This invention relates to door latch devices, and more particularly to cover trims for a push bar of an exit device for a door, as well as to methods for their fabricating and installation.
A common complication of hospital care involves hospital-acquired infections from pathogenic microbes transmitted from and to hospital patients, staff and visitors via frequently touched environmental surfaces. Such surfaces, which include many types of commonly used door knobs and push plates, are recognized as reservoirs for the spread of such microbes notwithstanding hand hygienic and environmental cleaning practices for attempting to control infections.
It is well known that metallic copper surfaces are antimicrobial. See, for example, Michael G. Schmidt et al., “Sustained Reduction of Microbial Burden on Common Hospital Surfaces through Introduction of Copper”, Journal of Clinical Microbiology, v. 50, n. 7, pp. 2217-2223 (July 2012), concluding that “reducing the overall microbial burden on a continuous basis with the introduction of continuously active antimicrobial copper surfaces, as evidenced in this study and others, may provide a safer environment for hospital patients, health care workers, and visitors.”
A PowerPoint (registered trademark of Microsoft Corporation) presentation by Harold Michels (of Copper Development Association, Inc.), titled “Antimicrobial Properties of Copper Alloys and their Applications”, reports testing results on solid copper and a variety of copper alloys containing between 60% and 95% copper. These tests showed a greater than 99% continuous reduction of bacterial contamination for solid copper as well as for each of the copper alloys. The U.S. Environmental Protection Agency (EPA) has currently issued public health registrations for antimicrobial copper to cover 479 copper alloys.

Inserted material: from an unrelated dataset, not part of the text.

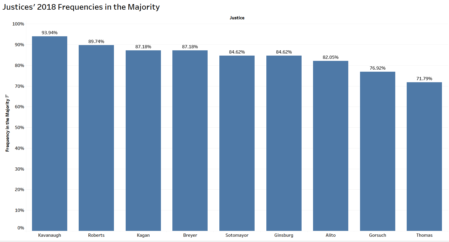 Even looking at the other justices’ first full terms (Thomas in 1991, Alito in 2006, and Gorsuch in 2017), Kavanaugh would have the highest frequency in the majority if he keeps this rate up for the remainder of the term.

One type of frequently touched surfaces in hospital environments is the outer or touch surface of the push bar of an exit device secured to a normally latched hospital door. See for exampled, U.S. Pat. No. 4,167,280 of Godec et al., incorporated herein by reference. Although some door hardware made of copper alloys have been marketed, many push bars for door exit devices have been and are continued to be made of metals which have little or no antimicrobial properties, such as stainless steel and anodized aluminum. Consequently, a large number of such exit devices having non-antimicrobial push bars are installed in hospitals, schools and other public buildings.